Task prompt>
From the line with "وقررت هيئة التنسيق" to the line with "Muito usada por", retype each line exactly as it stands in the records below, but skip the pictures.

Supplied records>
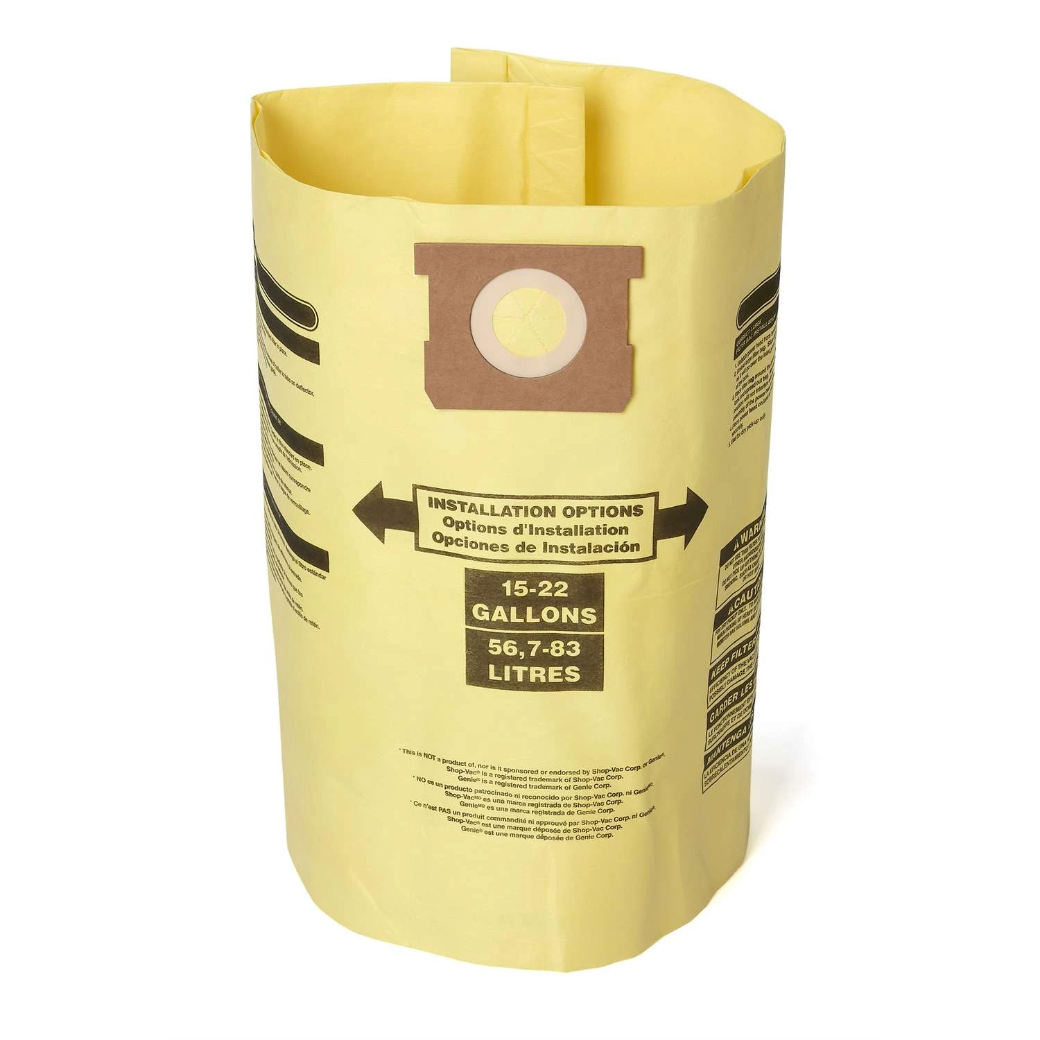 The CRAFTSMAN 15 to 22 gallon Fine Dust/Drywall Dust collection bags for wet/dry vacs are designed for pick-up of drywall dust, cold ashes, ultra-fine particles and other dry debris pick-up. These filter bags fit most 15-22 gallon Shop Vac brand vacs. Trap debris conveniently with these dust collection bags for easy disposal. Bags are easy to install by attaching to vacuum port inside tank without needing tools and are even easier to toss away. This is NOT a product of, nor is it sponsored or endorsed by Shop-Vac Corp. Shop-Vac is a registered trademark of Shop-Vac Corp.FITS: 15 to 22 gallon Shop-Vac brand vacsDESIGNED FOR DRY PICK-UP: Dust bag for dry debris pick-up only to make clean-up fast and easyCOLLECTS FINE DUST: Dust bag designed for capturing fine debris such as drywall dust, cold ashes and ultra-fine particles *REDUCE CLEAN-UP TIME: Vacuum bag makes debris disposal quick and easy, reducing the time required to clean the wet dry vacuum cleanerINCLUDES: 2 dust bags
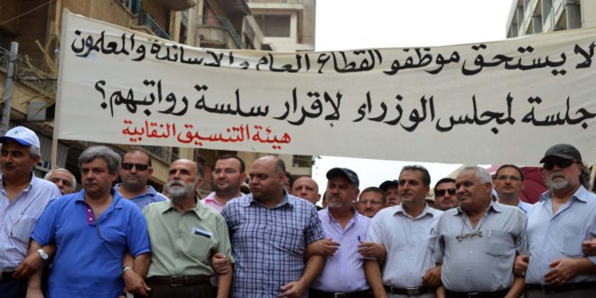 وقررت هيئة التنسيق النقابية أمس تنفيذ اضراب عام غدا وتنظيم تظاهرة تزامناً مع جلسة مجلس الوزراء للمطالبة باقرار السلسلة.
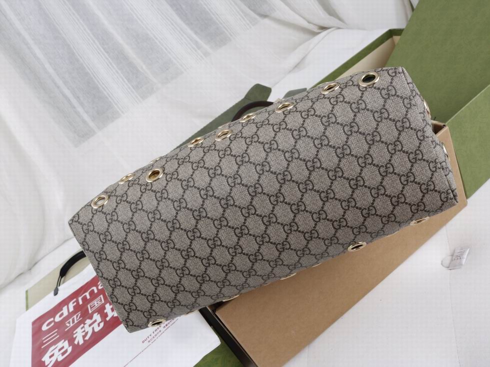 The Ophidia is reinvented with eye-catching hardware. Creating a playful contrast, the medium-sized tote bag is animated with a jumbo GG motif stated in camel and light pink. With recognizable design elements in a practical shape, this medium sized tote is trimmed with light pink leather and topped with Double G hardware.
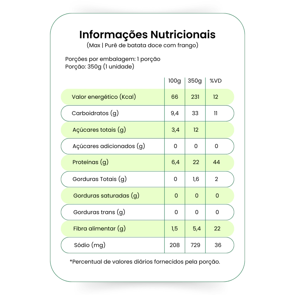 Muito usada por atletas que buscam o ganho de massa corpórea, a batata doce vai além do ganho de massa, auxiliando na perda de peso, desintoxicação e desinflamação do organismo, entre outros, e aliada à proteína do frango, fica ainda melhor! O Purê de Batata Doce com Frango é uma refeição que fornece energia durante todo o treino.
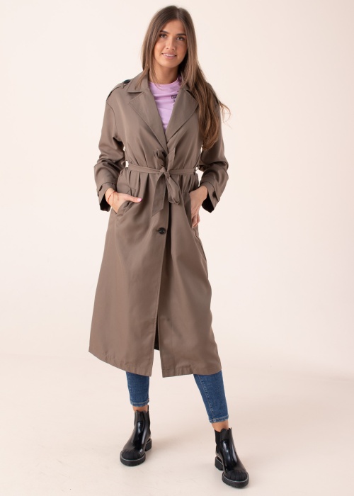 Ajatu tegumoega Only mantel Line on õhuke ja kerge. Sellel on klassikaline revvärkrae, ees nööpkinnitus, külgedel avatud taskud ja keskkohas seotav vöö. Aktsenti lisavad mansetid varrukaotstes ja pagunid õlgadel. Sisemus on voodrivaba ja tagaküljel on mugav lõhik. Modelli pikkus on 178 cm ja kannab suurust S. Üldpikkus antud suurusel on 121,5 cm.
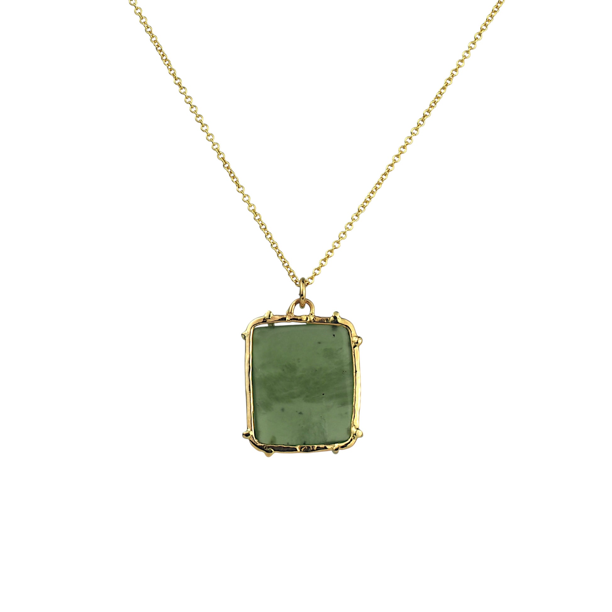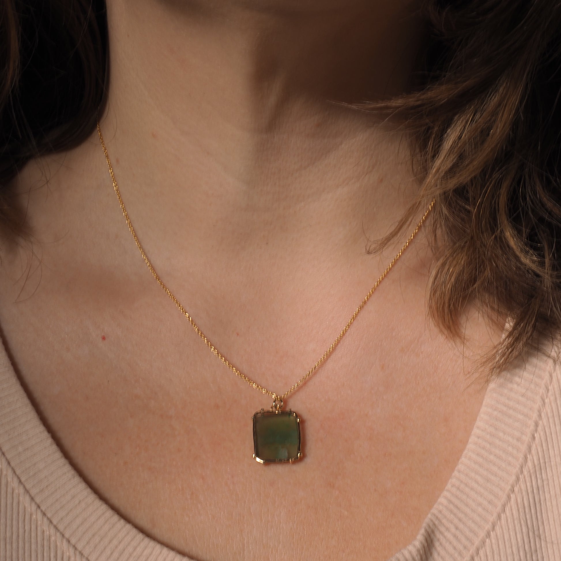 The pendant measures about ¾ inch tall and hangs from an 18-inch 14k yellow gold cable chain. It’s understated, elegant, and effortlessly wearable — a little celebration of gold and green that works with everything.
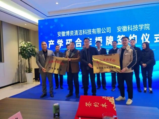 会上,李子荣代表学校与企业签订了共建“安徽博资纤维素多孔材料工程技术中心”协议、产学研合作协议、博业体育(中国)官方网站-登录入口实习实训基地协议、技术开发(委托)合同。王强、朱发贵、赵永滨和王汉民共同为共建工程技术中心揭牌;黄树桥和李子荣为博业体育(中国)官方网站-登录入口产学研基地和校外实习实训基地授牌。
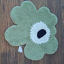 Myynnissä uusi, laput kiinni oleva kylpyhuoneen matto. Vihreä, luonnonvalkoinen.
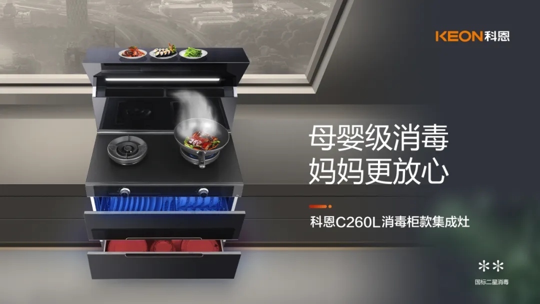 因此,為了小寶貝的健康,這款科恩C260L消毒柜款集成灶,推薦給您!不僅一臺頂多臺,且國標二星消毒,能消殺更多細菌。

Solution below>
 وقررت هيئة التنسيق النقابية أمس تنفيذ اضراب عام غدا وتنظيم تظاهرة تزامناً مع جلسة مجلس الوزراء للمطالبة باقرار السلسلة.
 The Ophidia is reinvented with eye-catching hardware. Creating a playful contrast, the medium-sized tote bag is animated with a jumbo GG motif stated in camel and light pink. With recognizable design elements in a practical shape, this medium sized tote is trimmed with light pink leather and topped with Double G hardware.
 Muito usada por atletas que buscam o ganho de massa corpórea, a batata doce vai além do ganho de massa, auxiliando na perda de peso, desintoxicação e desinflamação do organismo, entre outros, e aliada à proteína do frango, fica ainda melhor! O Purê de Batata Doce com Frango é uma refeição que fornece energia durante todo o treino.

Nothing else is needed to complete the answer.